While many see education as a stepping stone, Richard Orin has seen it as a lifelong hobby since he enrolled at NYU in 1949. Today, Orin, 89, still takes classes at NYU.
Born and raised in New York, Orin began his academic journey at Cornell University studying engineering in 1943, but soon after enlisted in the army for World War II. After serving, he returned and transferred to Missouri State University, where he received his bachelor’s in business administration in 1949.
Orin moved back to his hometown and became an auditor, but attended classes at NYU Law School at night. Once the Korean War started, he was drafted and served as an engineer in a rebuilt division in Germany.

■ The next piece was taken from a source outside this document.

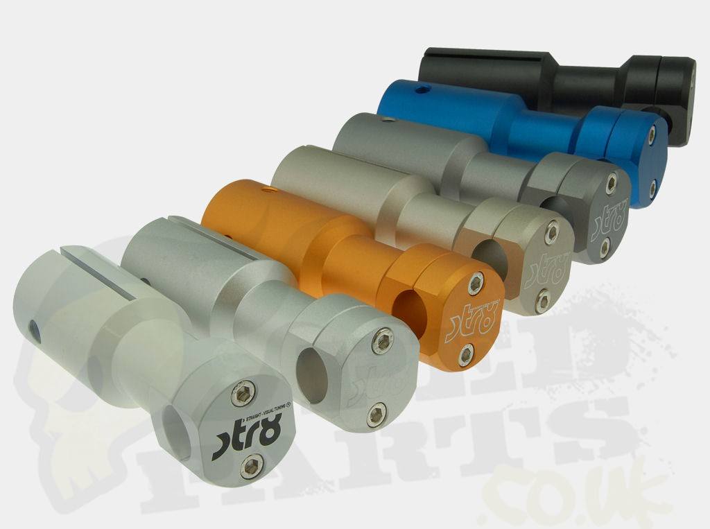 Handlebar conversion stem from STR8 for Peugeot scooters like Speedfight 1/2, Ludix, Jetforce & Vivacity.
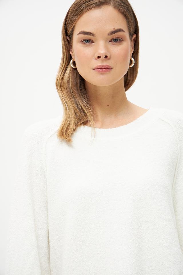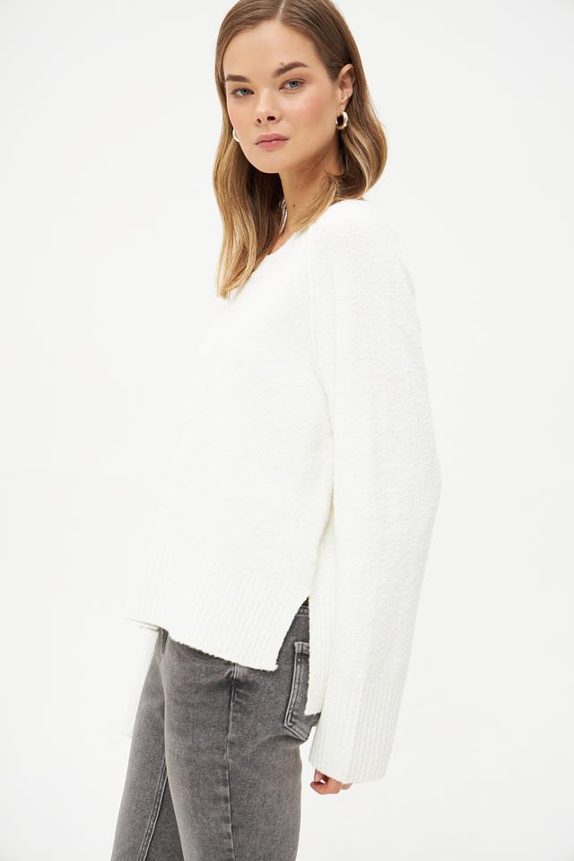 Особенностью модели являются объёмные рукава-колокол, придающие образу женственность и лёгкость. Пуловер имеет круглый вырез горловины и гладкую текстуру.

“We hired the same contractor that worked for Hitler,” Orin said. “It showed that war is absolutely stupid. Everyone you went out to kill, you end up giving them money to rebuild their country.”
Orin returned in 1953 and completed his education at NYU in 1955. But he didn’t stop there. He enrolled in night school again and earned his master’s in law and taxation in 1957. He worked for 53 years as a tax lawyer before retiring in 2010.
“I also raised a chair in the law school in law and accounting when they were just beginning,” Orin said. “I became friendly with John Sexton, who was at that time the law chair. I was one of his first chairs, so that earned me a bear hug. He used to say, ‘You were my first born.’ We created that chair for NYU, and it still exists.”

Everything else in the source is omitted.